Platypsalta dubia

Scientific classification
- Kingdom: Animalia
- Phylum: Arthropoda
- Clade: Pancrustacea
- Class: Insecta
- Order: Hemiptera
- Suborder: Auchenorrhyncha
- Family: Cicadidae
- Genus: Platypsalta
- Species: P. dubia
- Binomial name: Platypsalta dubia (Goding & Froggatt, 1904)
- Synonyms: Pauropsalta dubia Goding & Froggatt, 1904;

= Platypsalta dubia =

- Genus: Platypsalta
- Species: dubia
- Authority: (Goding & Froggatt, 1904)
- Synonyms: Pauropsalta dubia

Species of cicada

Platypsalta dubia is a species of cicada, also known as the black scrub-buzzer, in the true cicada family, Cicadettinae subfamily and Cicadettini tribe. The species is endemic to Australia.

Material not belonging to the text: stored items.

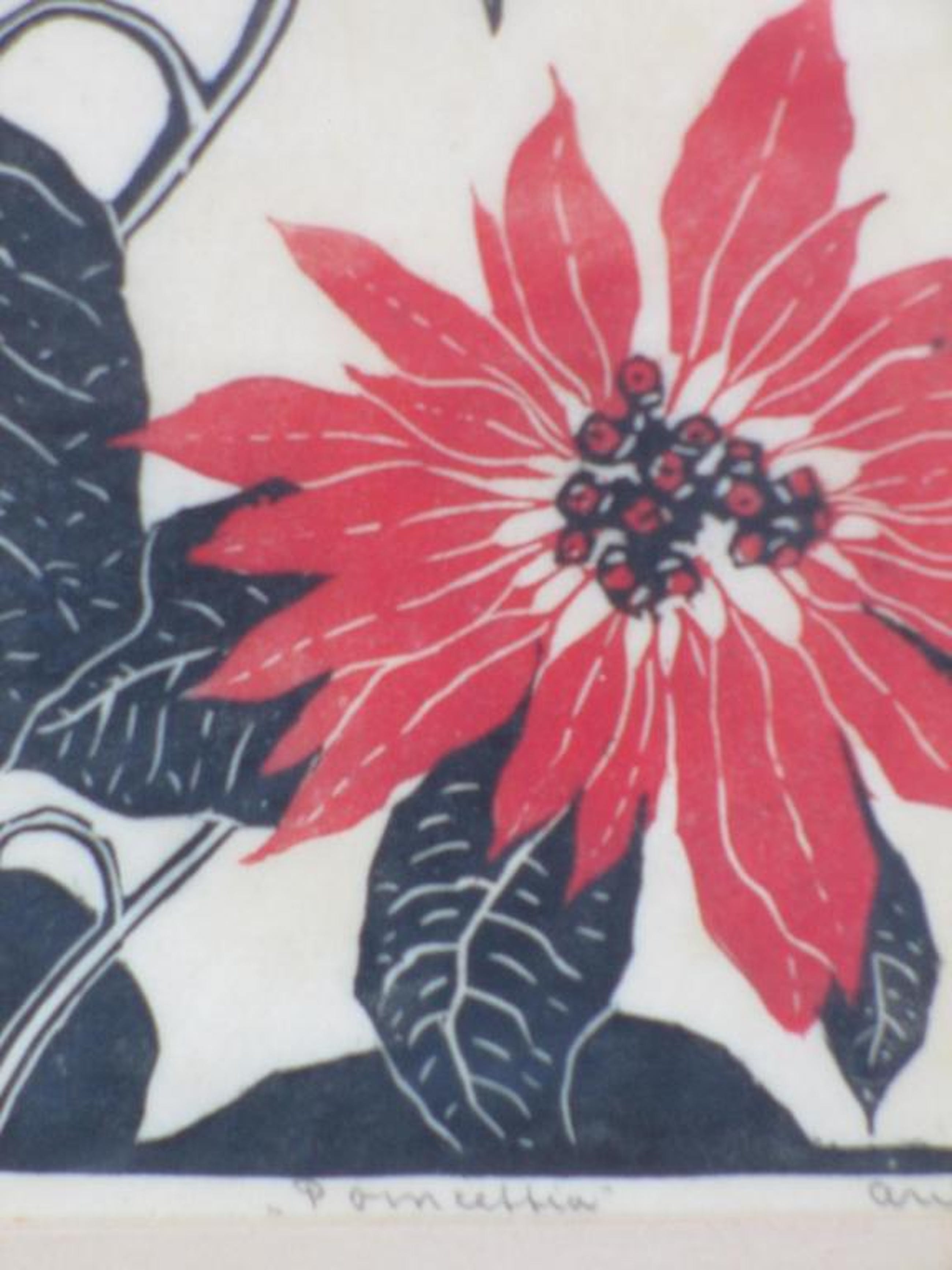 Gesigneerd r.o. 'Arie Zonneveld', getiteld m.o. 'Poinsettia', annotatie l.o. 'handdruk'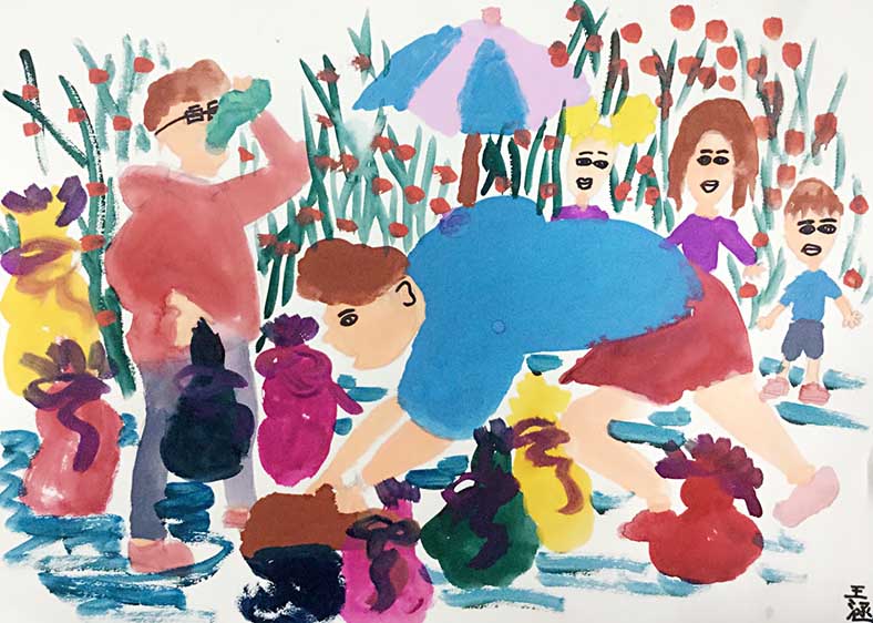 作品点评:这幅作品很耐看,生动形象的表现出人们游戏的场景,人物的刻画很到位、很精彩,动作抓取的也比较到位,放松的笔触更增添了画面的趣味。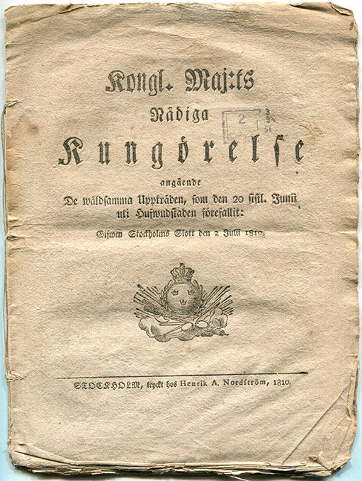 Kongl. maj:ts nådiga kungörelse angående de wåldsamma uppträden, som den 20 sistl. junii uti hufwudstaden förefallit: gifwen Stockholms slott den 2 julii 1810.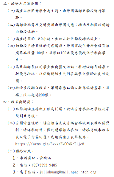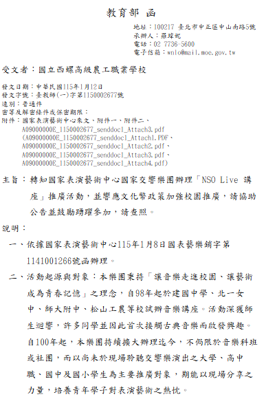 轉知-國家表演藝術中心國家交響樂團辦理「NSO Live 講座」推廣活動「NSO-Live-講座」推廣活動_Attach1下載「NSO-Live-講座」推廣活動_Attach2下載「NSO-Live-講座」推廣活動_Attach3下載「NSO-Live-講座」推廣活動_Attach4下載 瀏覽次數: 7Post author:hlvs203Post published:2026-01-12Post category:宣導資訊Read more articles上一篇文章115學年度運動績優生招生簡章及規定相關內容臺中市私立明道高級中學2025年5月24、25日辦理「拓凱新世紀青少年高峰論壇」活動2025-01-08財團法人中華民國兒童福利聯盟文教基金會辦理「兒福聯盟暑假營隊」2024-05-22

It was described in 1904 by entomologists Frederic Webster Goding and Walter Wilson Froggatt.

==Description==
The length of the forewing is 12–14 mm.

==Distribution and habitat==
The species occurs in eastern Australia from southern Queensland through New South Wales and northern Victoria into south-eastern South Australia. Associated habitats include semi-arid shrubland and brigalow woodland.

==Behaviour==
Adult males may be heard from November to February, clinging to the stems of shrubs and small trees, emitting soft, high-pitched, rattling calls.